Die Rückkehr nach Darmstadt, der Heimat seiner Frau Dorothea von der Leyen, erwies sich hingegen als Glücksfall für den jungen Künstler. Denn die in dieser Stadt beheimatete Sezession war eine der wichtigsten Künstlervereinigungen Deutschlands. Hier trafen sich nicht allein bildende Künstler, sondern auch Literaten, Kritiker, Theaterleute, Fotografen, Journalisten, Philosophen und Musiker, und zwar junge wie ältere. Die Anregungen durch diese „Künstler-Melange“ kann man nicht überschätzen. Auch die Kunstausstellungen, die rasch überall stattfanden, beeinflussten die jungen Künstler massiv. Vor allem die klassische Moderne (die sie infolge des nationalsozialistischen Regimes verpasst hatten) faszinierte die Jugend. Expressionismus, Kubismus und Fauvismus gaben ihnen die Möglichkeit, die Realität verändert und subjektiv, vor allem aber auch mit einer gewissen Leichtigkeit darzustellen.  

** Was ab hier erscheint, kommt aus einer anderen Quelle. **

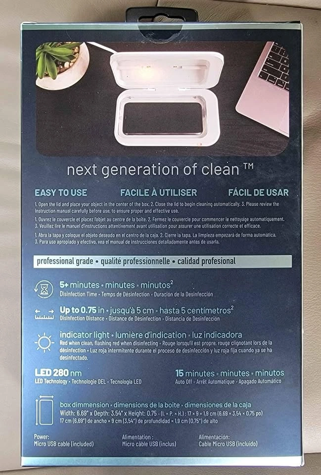 Brand new with the seal intact. Disinfectant box kills up to 99% germs and bacteria. Ready for the next generation of clean? This product is great for cell phone keys watches you name it. Just takes 5 mins. For more info please read on the box provided in the picture.
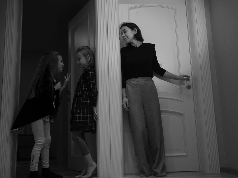 Two girls discuss their affairs, and the mother stands nearby and watches their communication.

Der Bezug zur französischen Moderne ist bei Schlotters Bild unverkennbar, wenngleich er sich weder für Kubismus noch für Fauvismus entschieden hat. Vielmehr mischte er Aspekte beider Stile zu einer neuen Auslegung eines klassischen Figurenbildes: Eine dürftig bekleidete Frau sitzt auf einem Stuhl bei einem Tisch, auf dem zwei Äpfel neben einer Kanne liegen. Im Hintergrund ist das weitere Zimmer angedeutet, doch die gesamte Darstellung bleibt flächig, wie auf einer schmalen Ebene verankert. Tatsächlich sind die Farbflächen und die sie konturierenden oder durchbrechenden schwarzen Linien die beiden wichtigsten Gestaltungsmerkmale des Bildes. Schlotter verließ sich dabei auf die bewährten Kombinationen von Blau und Gelb bzw. Rosa und Grau. Das im Profil gezeigte Gesicht der Frau erinnert an klassische, griechische Vasenmalerei. Dieser Rückgriff auf die klassische Antike zieht sich auch noch ein paar Jahre durch Schlotters Werk, allerdings bevorzugt bei seinen Wandgestaltungen. In der Ölmalerei suchte er schon bald seine eigene Bildsprache.